For the OU process: $dX_i = (\phi - \lambda X_i)dt + \sigma dW_i$
I set σ = 1, φ = 5, λ = 1. Now I want to get four moment conditions for φ and λ (i.e., treat σ as known), where I want to firstly take the moments from the Euler discretization and secondly the exact conditional moment conditions.
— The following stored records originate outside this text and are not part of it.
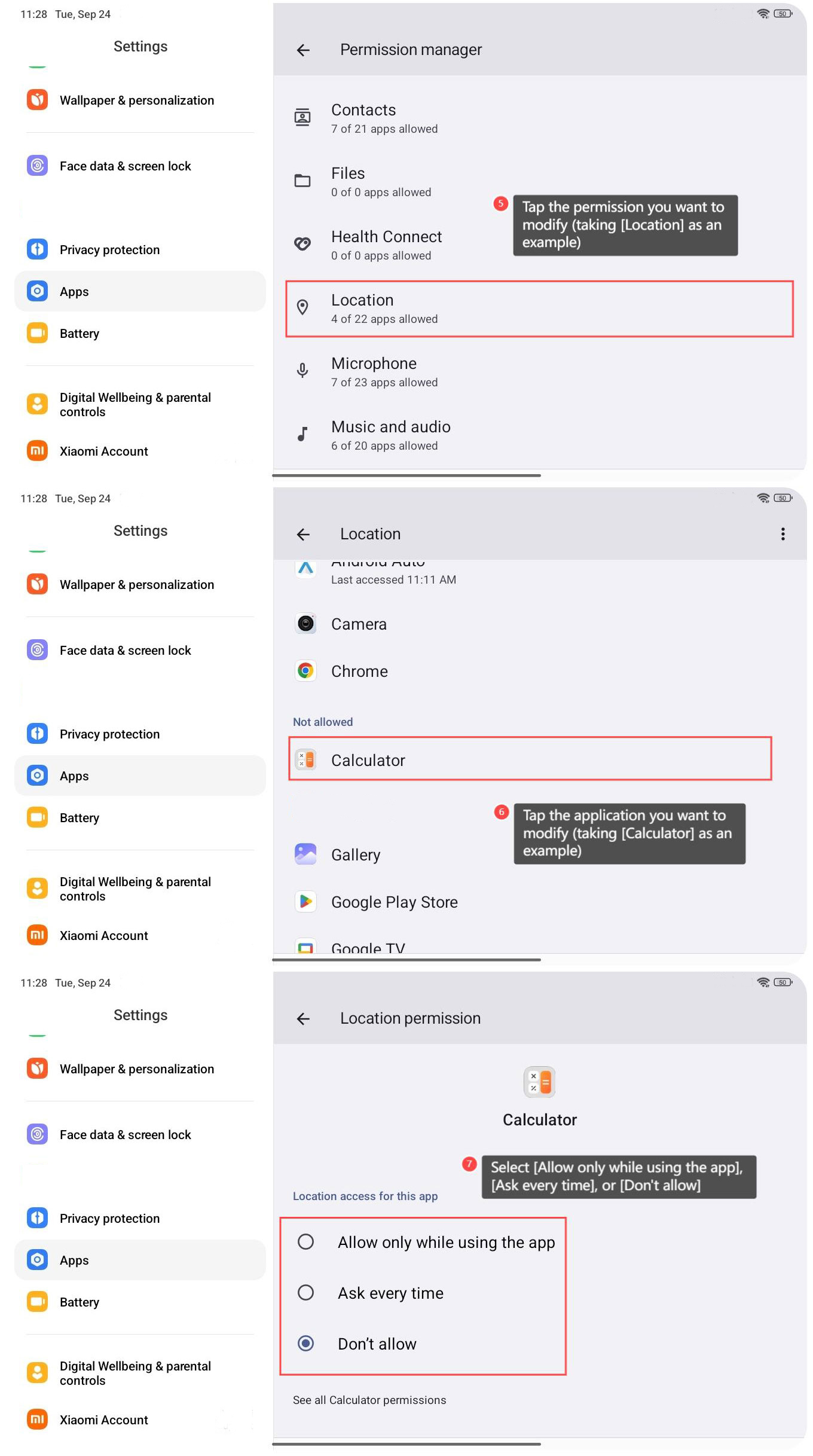 Mengelola izin aplikasi di REDMI Pad SE 8.7 memungkinkan Anda mengontrol data dan fitur apa yang dapat diakses setiap aplikasi. Ini termasuk izin untuk kamera, mikrofon, lokasi, penyimpanan, dan kontak, antara lain. Dengan meninjau dan menyesuaikan izin ini di pengaturan, Anda dapat meningkatkan privasi dan keamanan Anda dengan memastikan bahwa aplikasi hanya mengakses informasi yang diperlukan untuk fungsinya.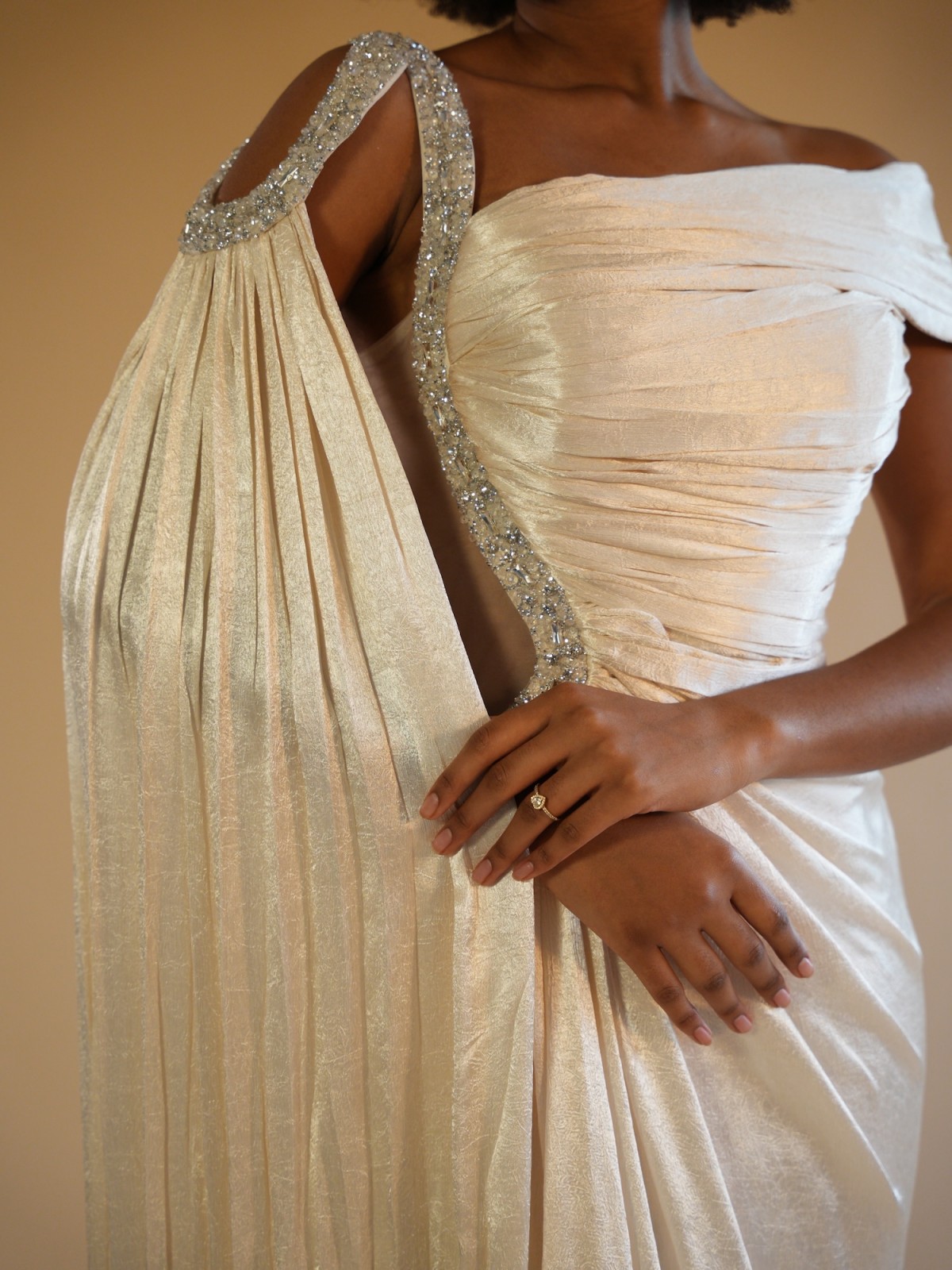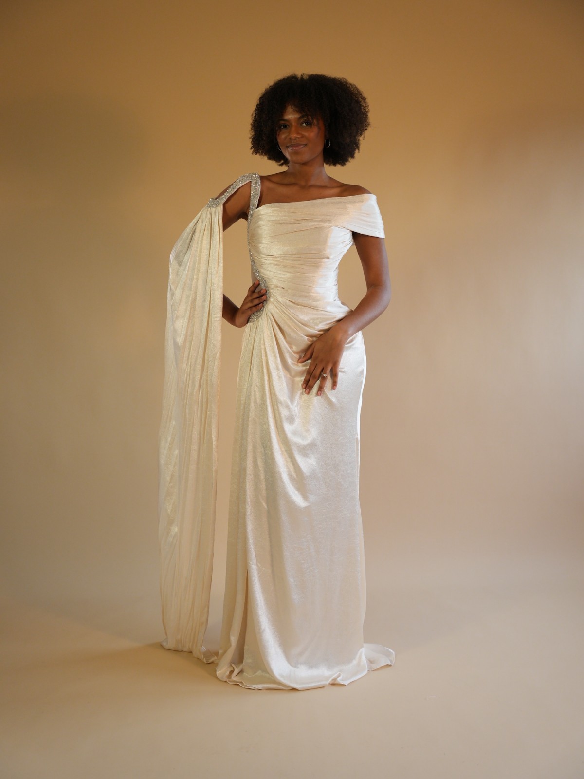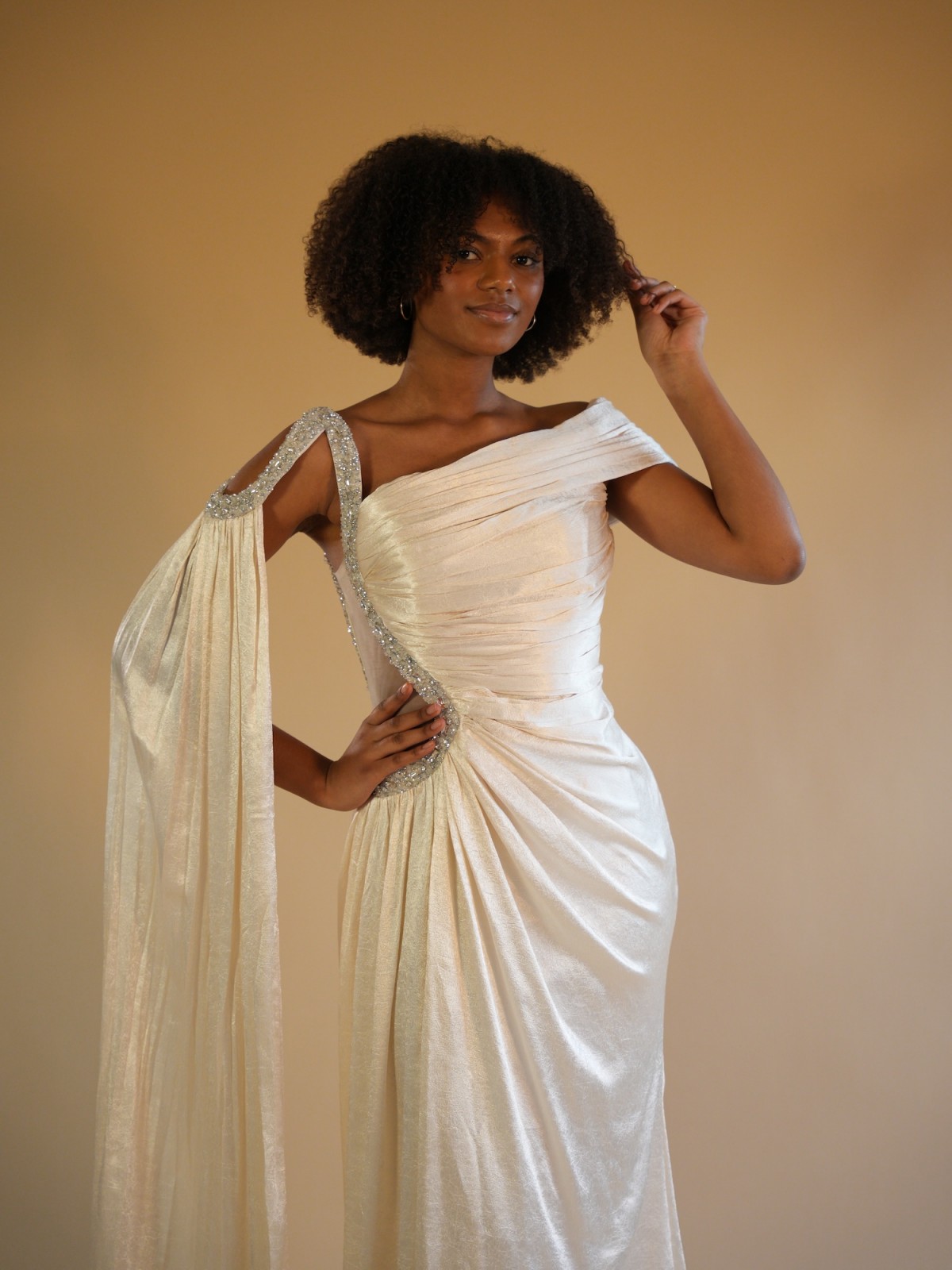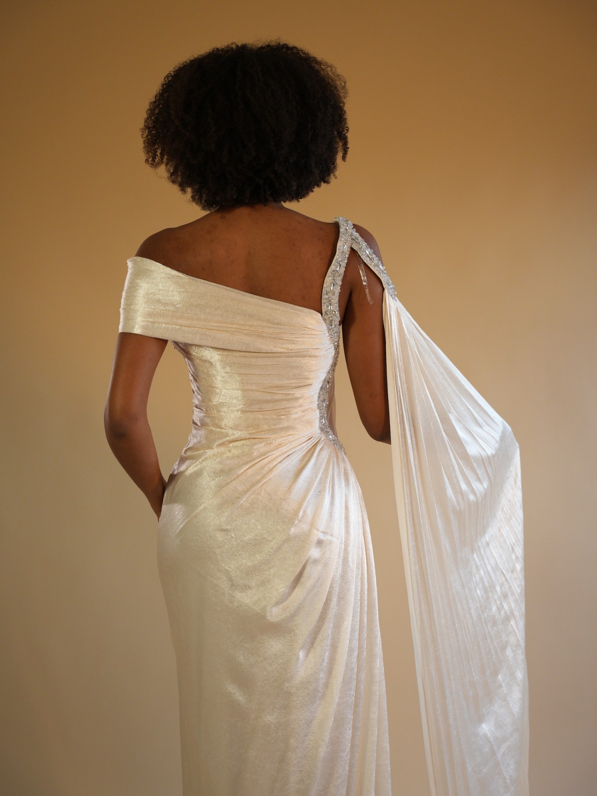 Robe longue blanc écru avec drapé asymétrique à la taille, épaule ornée de détails scintillants.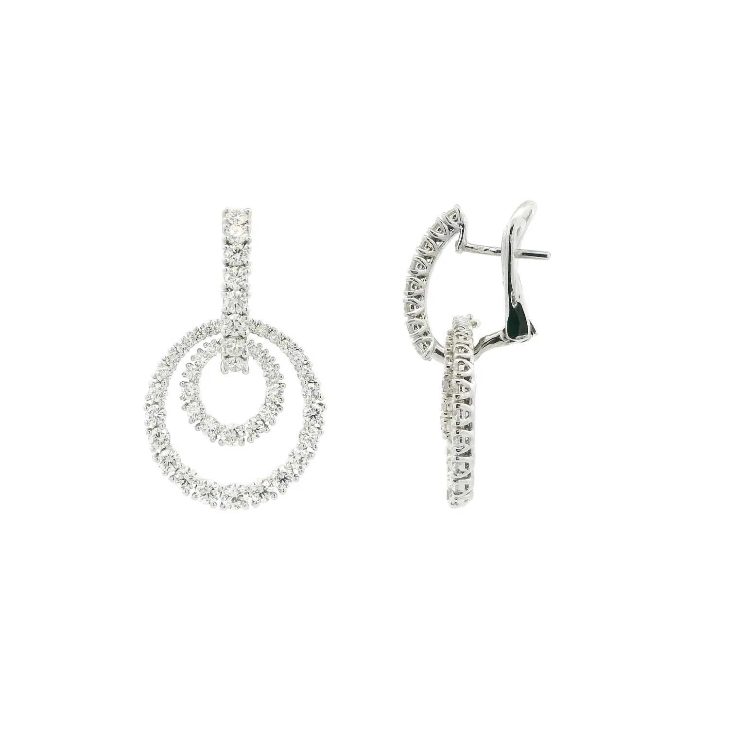 Diese luxuriösen Ohrringe aus Weißgold faszinieren mit einem architektonischen Doppelkreis-Design, das vollständig mit Brillantschliffen besetzt ist. Die feine Silhouette ermöglicht eine leichte Bewegung der Kreise und erzeugt ein faszinierendes Funkeln voller moderner Eleganz.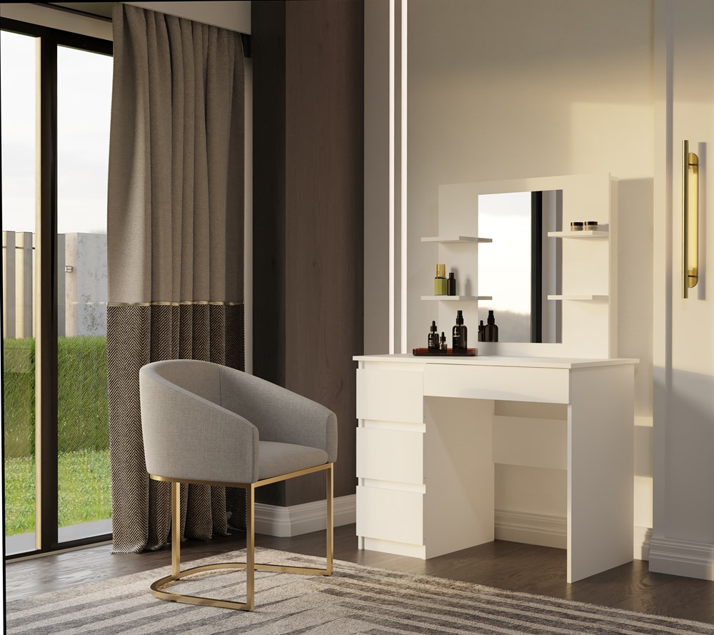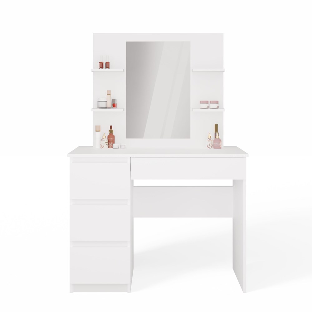 Duże lustro i aż cztery praktyczne półki pozwalają wygodnie przechowywać kosmetyki, perfumy lub biżuterię, a cztery pojemne szuflady pomieszczą wszystkie codzienne niezbędniki.

Hence using the Euler discretization I get:
$g_1(X_i): E[(X_i - X_{i-1} -(\phi - \lambda X_i)\Delta)] $
$g_2(X_i): E[(X_i - X_{i-1} -(\phi - \lambda X_i)\Delta )X_{i-1}] $
$g_3(X_i): E[(X_i - X_{i-1} -(\phi - \lambda X_i)\Delta)^2 -\sigma ^2\Delta ] $
$g_4(X_i): E[(X_i - X_{i-1} -(\phi - \lambda X_i)\Delta )X_{i-1}-\sigma ^2\Delta])X_{i-1} $ ]
For the exact solution I dont really now how to proceed. I think I have to use the solution of the OU process with conditional expectation:
$E[X_t | X_s] = X_se^{-\lambda(t-s)}+\phi/\lambda(1-e^{-\lambda(t-s)})$
and conditional variance: $Var[X_t|X_s]=\sigma^2/2\lambda(1-e^{-2\lambda(t-s)})$, but I dont know how to express this now in terms of moment conditions.
Also I would like to implement these GMM estimators for the given parameter values. Would I just need to setup the matrix with these conditions and then use the gmm function in R?